A/N: Another story written for HPFC. This one is for the 'I must not tell lies' competition. My prompt is, 'I need five minutes of your time.'
Severus made sure to keep track of every time that Albus told him that 'it would only take five minutes' or 'I just need to talk to you for five minutes' so that he could add up the extra and subtract it from his age. He didn't consider it really living. Every time Albus said the words he would put aside three hours because it never took only five minutes.
"Come Severus, let's sit for five minutes and have a drink. We need to discuss the Death Eaters and what their long-term plans are."

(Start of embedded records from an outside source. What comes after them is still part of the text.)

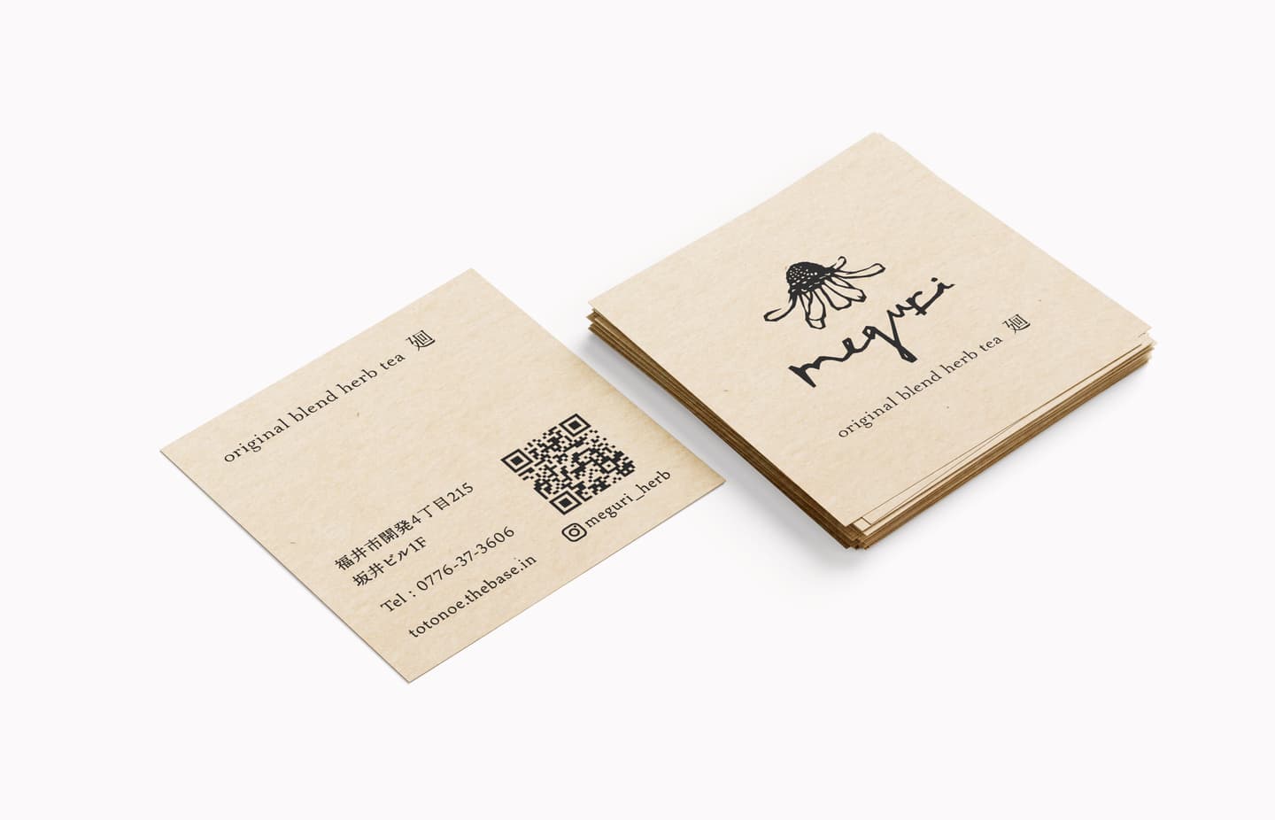 ハーブティ専門店「廻(meguri)」さまのショップカードを制作させていただきました。
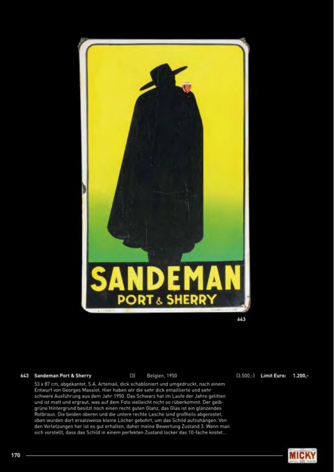 643 Sandeman Port & Sherry (3) Belgien, 1950 (3.500,-) limit Euro: 1.200,-
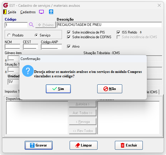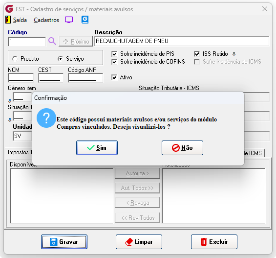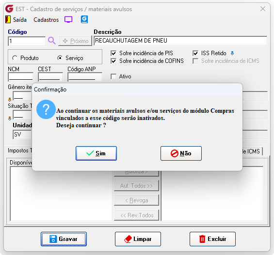 Clicando em sim, são todos inativados, clicando não, processo é cancelado. Ao ativar um serviço/material avulso, é solicitada confirmação para visualizar o serviços/materiais avulsos do compras vinculados.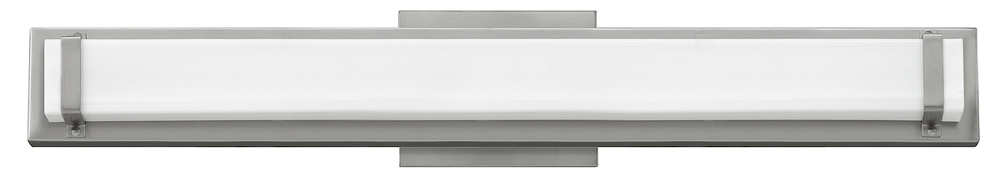 Tremont offers a bold silhouette ideal for any transitional décor. The formed linear panel of etched white acrylic creates a soft and seamless appearance while evenly diffusing the eco-efficient LED light source. Offered in Brushed Nickel or Polished Nickel, the shade is secured with sleek metal bands, riveted at each end and framed by a full-length back plate. A raceway back plate allows mounting directly to the wall without the included junction box cover plate, for a more streamlined look.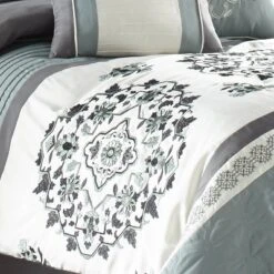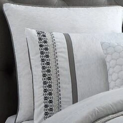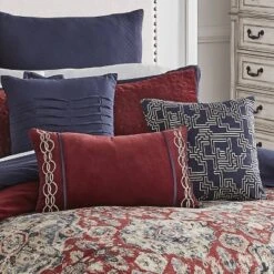 Update and refresh your bedroom with the Sadler 9/10 piece comforter set from Riverbrook Home. The elegant red and gray pattern and embroidered details add dimension and style and complement any decor style. Set includes one comforter, one bed skirt, three decorative pillows, two euro shams (three with king size) and two shams. Machine washable for easy care and maintenance

He just wanted to go home and cry for the next decade. Lily, beautiful Lily, was dead and this heartless old man wanted to discuss what to do about Voldemort's old supporters. He shook his head and got up to leave before Albus blocked the Floo and locked the door as he got up to pour them both a drink. He finally gave in and spent the next four hours discussing the future with his old Headmaster and was grateful for the distraction when he finally got home and realised how quiet it was and always would be.
"We need to discuss your classroom etiquette, Severus. Come to my office tomorrow morning and we'll discuss it then. It shouldn't take long, five minutes."
He dragged himself to the Headmaster's office the next morning to reluctantly sit and listen to Albus talk about how he should encourage the students only to treat them the exact same on Monday. This was the only time he could remember entering and exiting the office within ten minutes, it was only twenty seconds over.
"Severus, could you come past my office once you've finished your dinner. It should only take five minutes. I need to discuss that new student with you."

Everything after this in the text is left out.